As his business has grown, so has his visibility within the community. For years, Kauffman operated from his home, which eventually posed its own problems. "When I was working at home, I'd have all sorts of people walk into my house without even knocking," he said.

About eight years ago, he rented space at the site of the former Cabax mill in Kerby, into which he moved his manufacturing plant. Then last fall, he and burl artist Harvey Shinerock rented the former Oddfellows Hall on Redwood Highway in Kerby, just a few hundred feet from Kauffman's manufacturing warehouse. They spiffed up the historic building with colorful paint, freshened up the interior and moved in their products for display.

Kevin Launius/Daily Courier

Reggie Wright sorts logs at the Kauffman Wood Products shop.

"We felt like we needed a place where people could see the furniture without going into a noisy, dusty area," he said. Shinerock's burl creations take up the second floor of the building while Kauffman's furniture fills the ground floor showroom.

And while the Illinois Valley may be off the beaten path, Kauffman believes the showroom will still bring in visitors and potential customers.

"A lot of people who come in are locating in the Pacific Northwest, or maybe have a summer home," he said. "This is a viable tourist spot." Doing business in the Illinois Valley has its challenges, although not necessarily any different from those presented elsewhere.

"Because this is a specialty product, we could be doing business anywhere and have the same problems," he said. "Finding qualified help is difficult because we're making an exotic product. It's not like what a carpenter or cabinetmaker does. So for everyone that we hire, we have to do a lot of training."

His staff fluctuates between seven and a dozen workers during the year, depending on the season.

At the same time, being close to the source of his raw materials is one advantage that Kauffman's business location brings. He buys the largest logs from independent loggers and even the local mill, while independent woodcutters supply all the raw poles he needs.

At the same time, he, like other small businesses in the valley, has to tackle the logistics of getting his product to his customers. Most of his items are either sent via United Parcel Service or by truck service.

Because of the logistical difficulties that any manufacturer faces in the Illinois Valley, Kauffman doesn't believe expanding manufacturing opportunities will help boost local employment. Rather, the area's future is in tourism, he says. The Illinois Valley's "greatest attraction is our greatest liability," he says. "Being out of the way, we're harder to find."

That's an attribute that attracts visitors interested in unspoiled natural beauty, he says. There's still good air and water, he adds, and the small number of residents makes for an uncrowded, quieter lifestyle.

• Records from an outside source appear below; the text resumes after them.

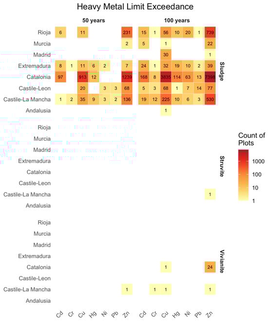 In a first step we estimated the potential heavy metal accumulation resulting from scenarios involving the application of four P fertilisers in Spanish agriculture: sewage sludge, struvite, vivianite, and CaP, over 50- and 100-year periods. Simulation periods of 50 and 100 years were selected to represent medium- and long-term management horizons commonly used in soil contamination and nutrient balance studies [,]. The 50-year horizon approximates the typical timescale of agricultural soil use under consistent management, whereas the 100-year period enables assessment of potential legacy effects from slow-accumulating heavy metals.
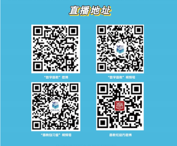 本次活動將通過數字高教視頻號、數字高教微博、高教自習室視頻號、高等教育出版社官方微博進行全網直播。
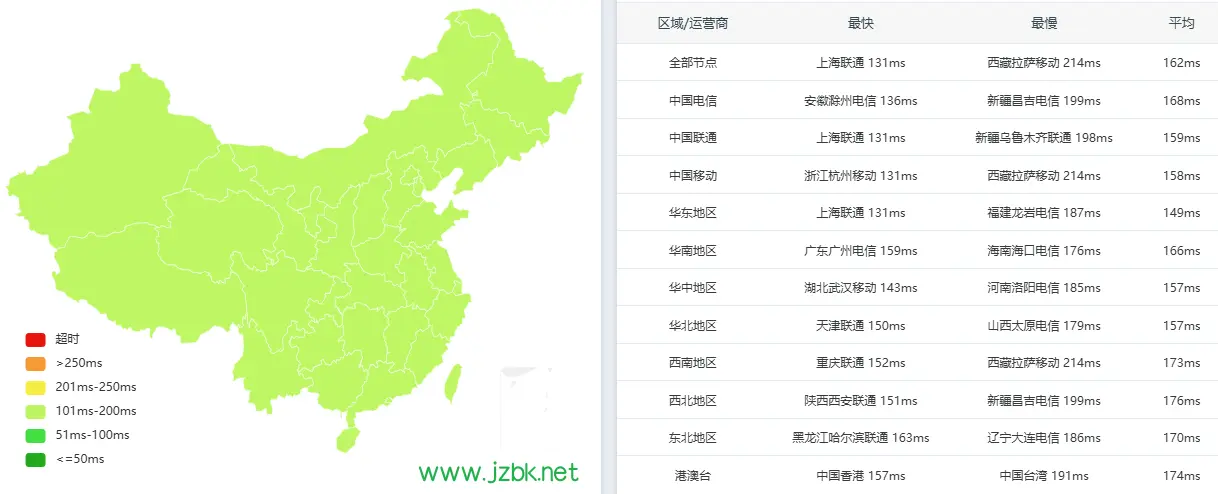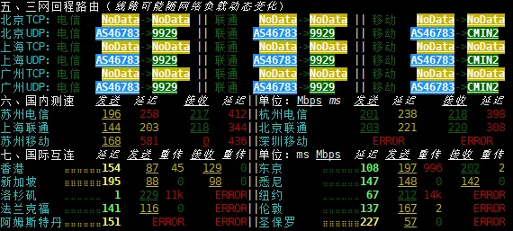 2.三网回程测试,可以看到与老板所描述的完全一致!非常奈斯!
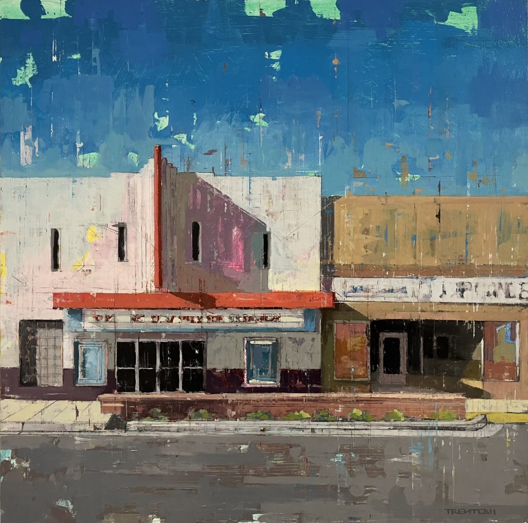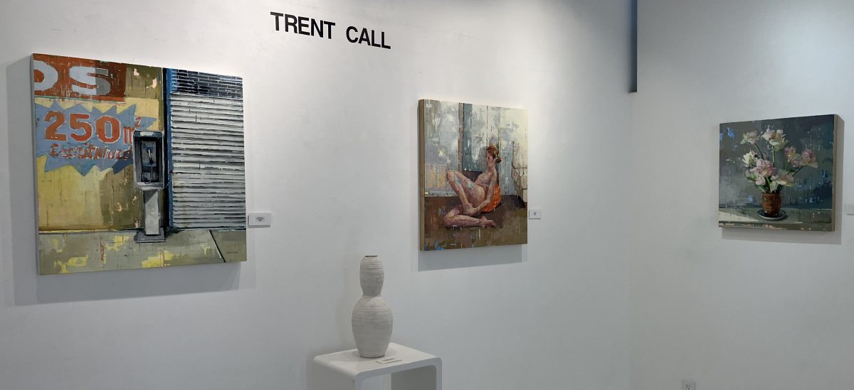 All this said, the most exciting thing about these ten paintings is the cumulative impact of the way they’re painted. Laying down paint layers that show, in barely visible ways, through later ones was an arguably pretentious, 20th-century approach. Capturing peeling paint layers, or even better, peeling layers of posters and advertisements, was a legitimate way to suggest time passing and more subtle facts of life. But Call’s layers are deliberately, identifiably visible through each other, which sometimes suggests tricks of the light, and at other times achieves a Cubist effect, but most effectively, I would argue, brings the painting vividly to life. If the things he paints do not dominate each other, but seem almost to sparkle along with each other, they become more like what they are—mobile, temporary-yet-visible facts. Physical science tells us nothing is really solid; it’s all just patterns of energy that interfere with each other as if they weren’t always in motion, always becoming or decaying. Trent Call reminds us that while nothing is permanent, we are fortunate participants in the dance of reality, in which the object and the observer are partners whose performance is a brief, yet eternal collaboration.

Even if increased tourism provides only minimum-wage jobs, he says, this would be better than what's currently at hand.

"I meet a lot of people every week who wish they had even a minimum-wage job," he said.

Kauffman suggests the community tackle an even larger problem. In particular, locals should just stop berating the area, and he especially condemns those who urge youngsters not to get "stuck" in the Illinois Valley. "No one puts it out to the kids that this is a great place," Kauffman said.

"The biggest improvement in my mind would be to improve our attitude," he continued. "A lot of people feel like they have to suffer to be in the Illinois Valley and a lot of people set themselves up to suffer."

Yet there are also many people who are creating quality products, making a nice living and enjoying life in the Illinois Valley. Kauffman cites local basket makers, glassblowers and potters as evidence of the talent that flourishes locally. "There's a spirit of enterprise and creativity and from that spirit you can invent products and things that give us the values of what living in the Illinois Valley means," he says.